How many of these clients exist is still a matter of debate. RBA assistant governor Michele Bullock maintains that financial distress is “not acute at the moment”, playing down the possibility of a further rise in bankruptcies in 2018, and predicting wages and consumer spending will improve in the short to mid term.

“Future rate rises will hit home and, unless income growth recovers quickly, we will see more financial stress ahead” - Martin North, Digital Finance Analytics

In the latest HILDA survey, the median housing debt-to-income ratio stood at 250%; however, the median ratio of mortgage repayments to income during the same period remained stable at around 20%.

On the other hand, data published by Digital Finance Analytics shows that 921,000 Australian households, equivalent to 29.7%, were estimated to be under mortgage stress in December 2017, up from the previous month’s 913,000. Regional analysis confirms that the highest concentration was in NSW, up from 251,576 in November to 258,572 in December.

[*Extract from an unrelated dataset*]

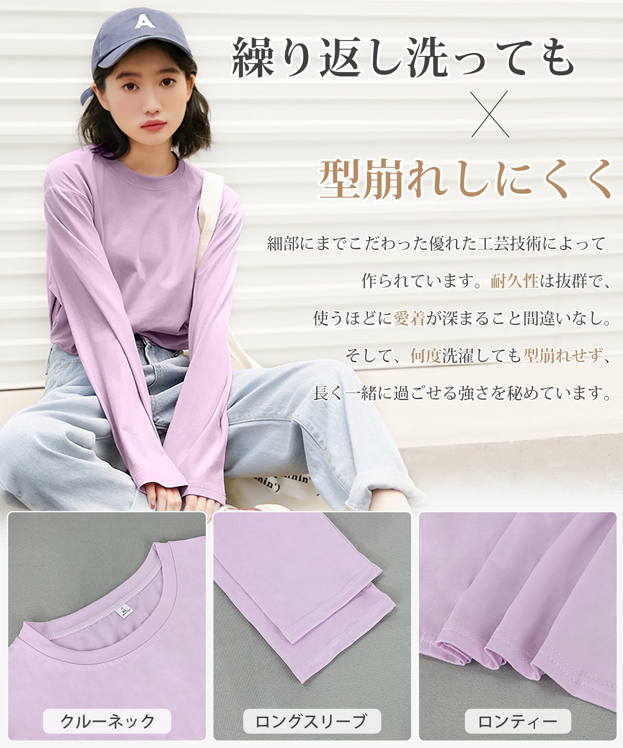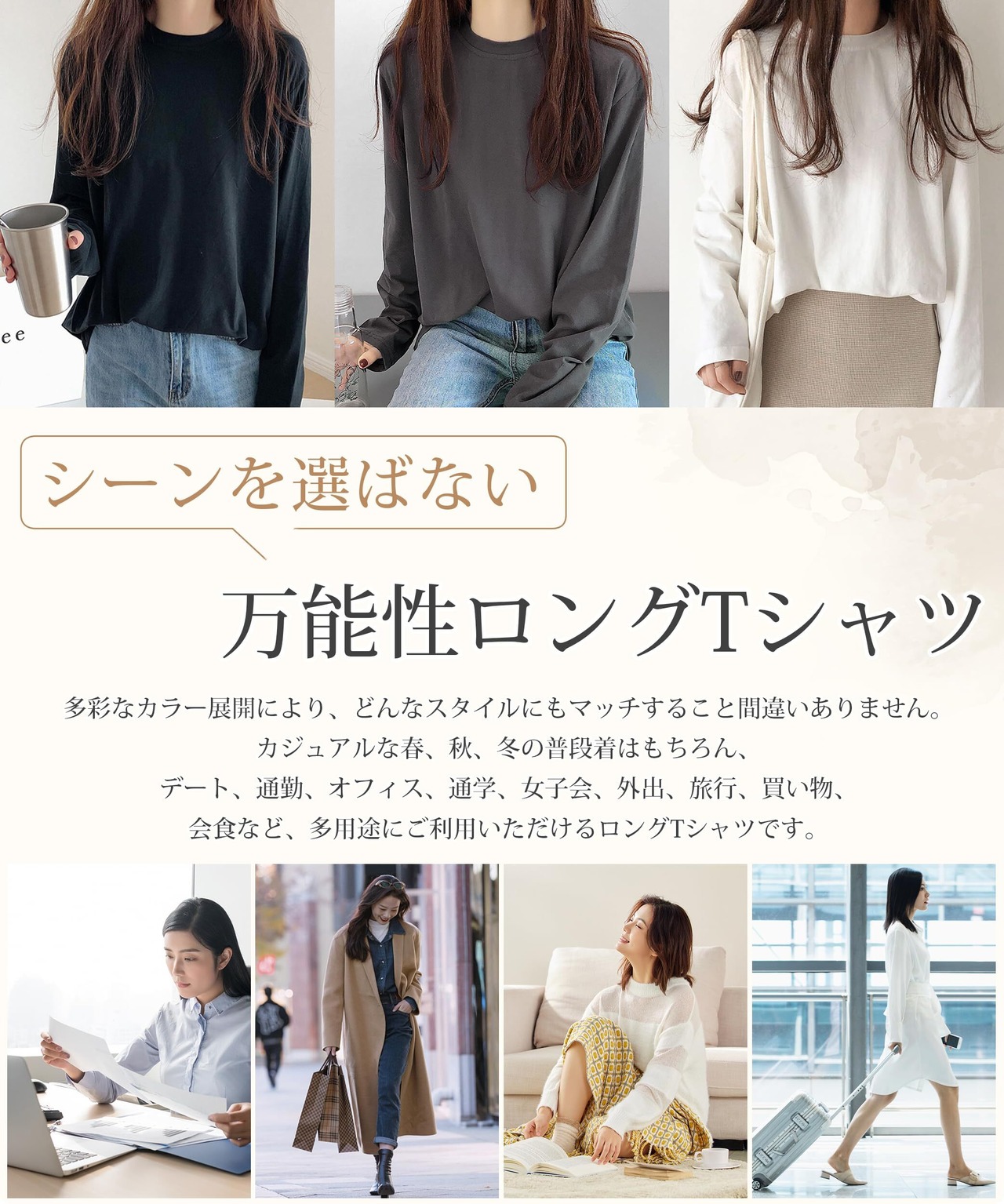 【秋冬の定番本命長袖 Tシャツ】肌寒さが感じられるこの季節にぴったりの、軽やかで保温性の高い素材を選び長袖 Tシャツが今年も登場です!上品なラウンドネックのデザインは、首元を美しく引き立て、顔周りに小顔効果を演出する長袖 Tシャツ。定番のクルーネックデザインは、どんな体型にも適しており、洗練された雰囲気を醸し出します。すっきり見えつつも体のラインを拾わないシルエットや、ややゆとりのある長袖で気になる二の腕をカバーできるのも魅力的。心を包み込むようなロングスリーブタイプは、寒い風を遮断し、お客様の心と身体を温めます。

“What’s ahead depends on future income growth and interest rates. Private sector income growth is below the cost of living and under pressure from rising power costs, childcare and school fees, plus council rates,” North explains.

“Despite low mortgage rates, the average loan size, especially in the eastern states, has grown in line with rising home prices, so debt levels are as high as ever. For those renting, more are finding it difficult to find an affordable place to live.”

What can be said with some certainty is that nothing lasts forever and, as always, failure to prepare is preparation to fail.

North adds, “Future rate rises will hit home and, unless income growth recovers quickly, we will see more financial stress ahead.”